→ **Data shown**:

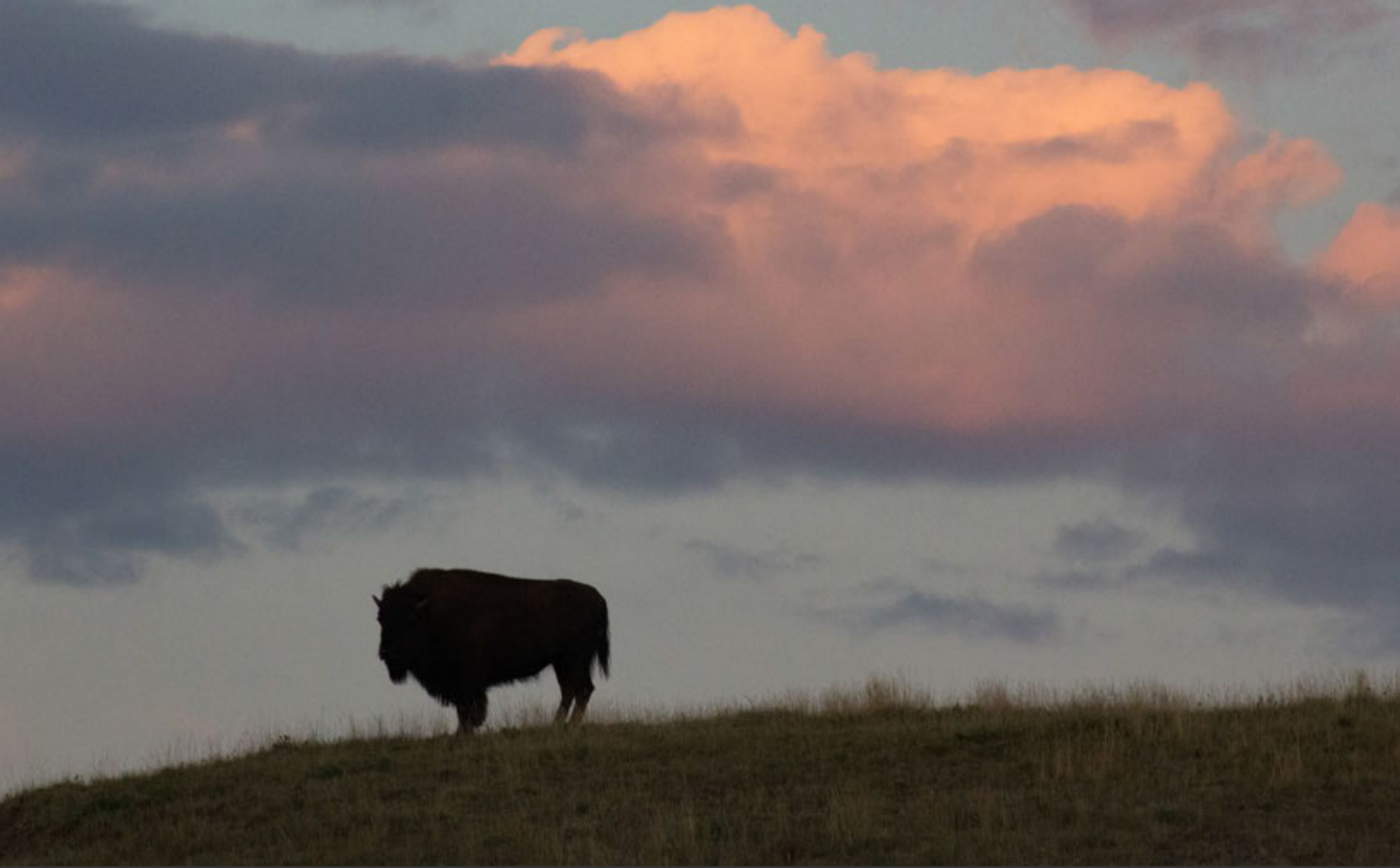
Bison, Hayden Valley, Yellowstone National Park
==
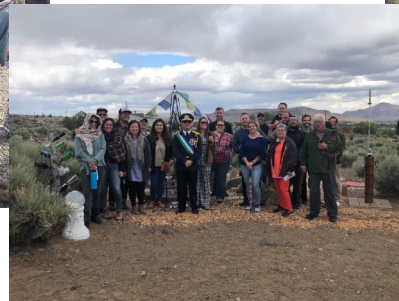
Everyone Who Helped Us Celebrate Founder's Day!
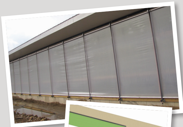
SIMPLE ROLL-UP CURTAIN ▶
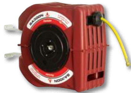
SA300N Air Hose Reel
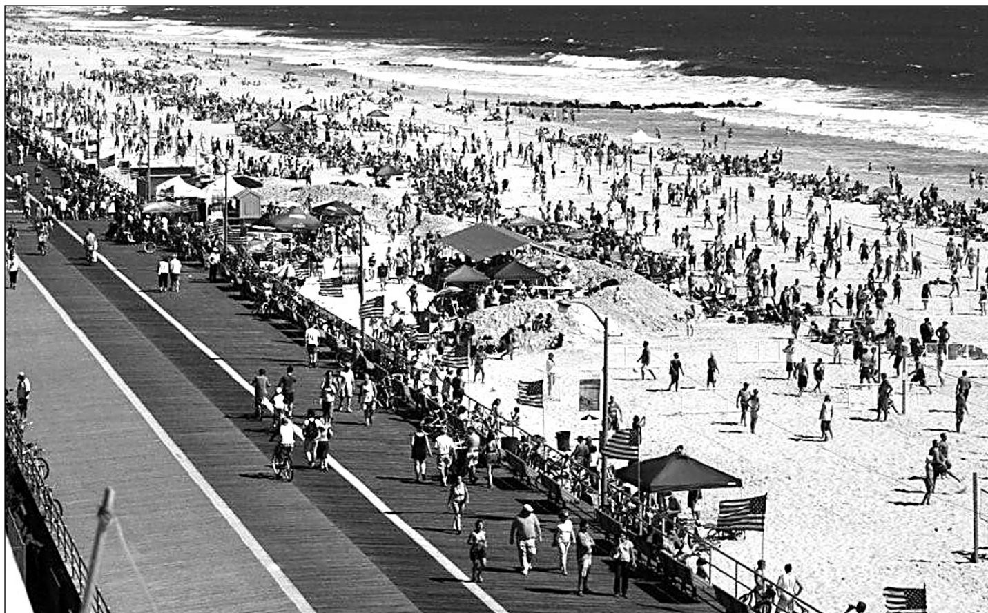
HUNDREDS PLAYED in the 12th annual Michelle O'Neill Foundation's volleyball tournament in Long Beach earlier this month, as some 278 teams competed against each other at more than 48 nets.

→ **What the exercise asks**: Go back to the listing above and reproduce, exactly, the stretch from the line bearing "SA300N Air Hose Reel" through the line bearing "HUNDREDS PLAYED in", without its pictures.

→ **Reply to the exercise**:
SA300N Air Hose Reel
HUNDREDS PLAYED in the 12th annual Michelle O'Neill Foundation's volleyball tournament in Long Beach earlier this month, as some 278 teams competed against each other at more than 48 nets.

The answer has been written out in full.